Из опубликованного в 1907 году судебного отчета:
"Свид. д-ръ Гинзбургъ почти всю ночь послѣ погрома дежурилъ въ богоугодномъ заведеніи и, между прочимъ, у раненаго Кудашевича. Послѣдній сказалъ ему, что его ранилъ городовой Богдановъ. Не сказалъ онъ это слѣдователю, такъ какъ не вѣрилъ въ судъ и считалъ, что онъ будетъ, подобно гомельскому, только «комедіей»... Убитыми, какъ на бульварѣ, такъ и на смежныхъ улицахъ, а равно и умершими отъ ран оказались: Абрамъ Кудашевичъ [и еще 39 евреев]... Смерть большинства изъ нихъ послѣдовала отъ причиненныхь имъ какимъ либо тупымъ орудіемъ безусловно смертельныхъ ранъ въ области головы, вызвавшихъ трещины черепа".
В метрической книге симферопольской синагоги за 1905 г. имеется запись: "Абрам Рафаилович Кудашевич, симферопольский мещанин, 58 лет (умер от ран 25 октября)". По-видимому, это был старший брат Зиновия Рафаиловича. Вероятно, именно этими событиями и был вызван переезд семьи - сперва на Дальний Восток, где в 1907 году в Чите родился Рафаил, младший брат моей тети. Затем семья оказались в Харбине, где Зиновий Яковлевич, по словам тети, работал на КВЖД.
Харбин вырос при станции Траснманьчжурской магистрали, позже названной Китайско-Восточной железной дорогой, построенной России и обслуживавшейся ее подданными. Дорога соединяла коротким путем Читу с Владивостоком. В 1913 году это еще был небольшой городок с преобладанием русскоязычного населения: из 69 тысяч жителей российскими подданными были 38 тысяч, в их числе около 5 тысяч евреев. К 1920 году число евреев возросло до 20 тысяч. После Гражданской войны в город прибыло около 100 тысяч бывших белогвардейцев, Харбин стал центром русской жизни в Китае. В 1920 году Китай разорвал дипломатические отношения с СССР, но в 1924 СССР вновь получил доступ к управлению КВЖД. Причем по межправительственному соглашению к работе на ней допускались только граждане СССР и Китая, поэтому все служащие - бывшие подданные Российской империи должны были определиться со своим гражданством. Яков и Эммануил, по-видимому, решили не становиться гражданами СССР. В 1928 году из Харбина выслали всех советских служащих. В 1932 город оккупировали японцы, а в 1935 СССР продал свою долю КВЖД Японии, и русскоязычные начали покидать город. Из уехавших в Россию "совслужащих" и тех, кто прежде не имел советского гражданства, 33 тысячи впоследствии были репрессированы как японские шпионы, из них 21 тысяча расстреляна.

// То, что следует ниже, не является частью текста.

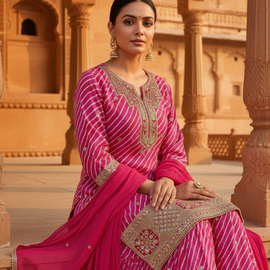 Step into effortless elegance with this readymade Sharara crafted from soft, breathable Cotton fabric, perfect for all-day comfort and style. The ensemble features a traditional Bandhani print that adds a vibrant ethnic charm, beautifully enhanced with Bead work, delicate Sequence accents, and fine Thread embroidery. Ideal for festive gatherings, casual celebrations, or daytime occasions, this outfit combines timeless craftsmanship with a touch of modern grace — making it a versatile addition to your wardrobe.

Однако Виктория, Генриета и Рафаил вернулись в Россию намного раньше - сразу после революции, уехав с этого воказала, ныне уже не существующего после перестройки 1959 года.

Связь с Яковом и Эммануилом прервалась, вероятно, после 1935 года, когда стала опасной для советских граждан.
Согласно справочнику "Весь Харбин 1925-1926" (стр. 286), братья проживали в доме 30 по улице Ямской (кит. Да Ань-цзе). Она соединяла главную торговую улицу, Китайскую, с Диагональной. Эта часть города между Сунгари (притоком Амура) и железной дорогой именовалась Пристань, именно с нее началось развитие Харбина в самом конце 19 века.
На фотографии начала тридцатых запечатлена Китайская улица. Ямская улица выходит на нее против голубого здания с зеленой крышей. Улица и дом на планах города отмечены красным (номер участка - 913). На плане 1938 года отмечено, что находилось в разных местах города в 1898 году, когда не было еще ни города, ни станции. На месте Ямской улицы было "поле, засеянное маком".
Дом находился на левой (южной) стороне улицы и принадлежал Анастасии Назаровне Семион, жене Алексея Федоровича Семиона, владевшего еще одним домом в Харбине. Домик, вероятно, был небольшим, на 9 квартир, и располагался ближе к Диагональной. Был ли этот дом старым обиталищем всей большой семьи? В 1910-х там должны были жить родители и пятеро их детей. В справочнике "Весь Харбин" за 1926 год хозяином квартиры значится Яков, а Эммануил и Раиса указаны в скобках.
Несмотря на то, что Харбин превратился теперь в многомиллионный мегаполис и застроен современными зданиями, старый район Пристань полностью сохранил свою уличную сеть, а Китайская улица стала пешеходной, на ней почти полностью уцелела старая русская застройка. Сохранились даже некоторые названия, одни из них переведены (Диагональная - Цзинвей, Короткая - Дуаньцзе, Мостовая - Шитоудао), а другие транслитерированы (Саманная - Сямань). Сохранилось и старое китайское название Ямской улицы - Да Ань.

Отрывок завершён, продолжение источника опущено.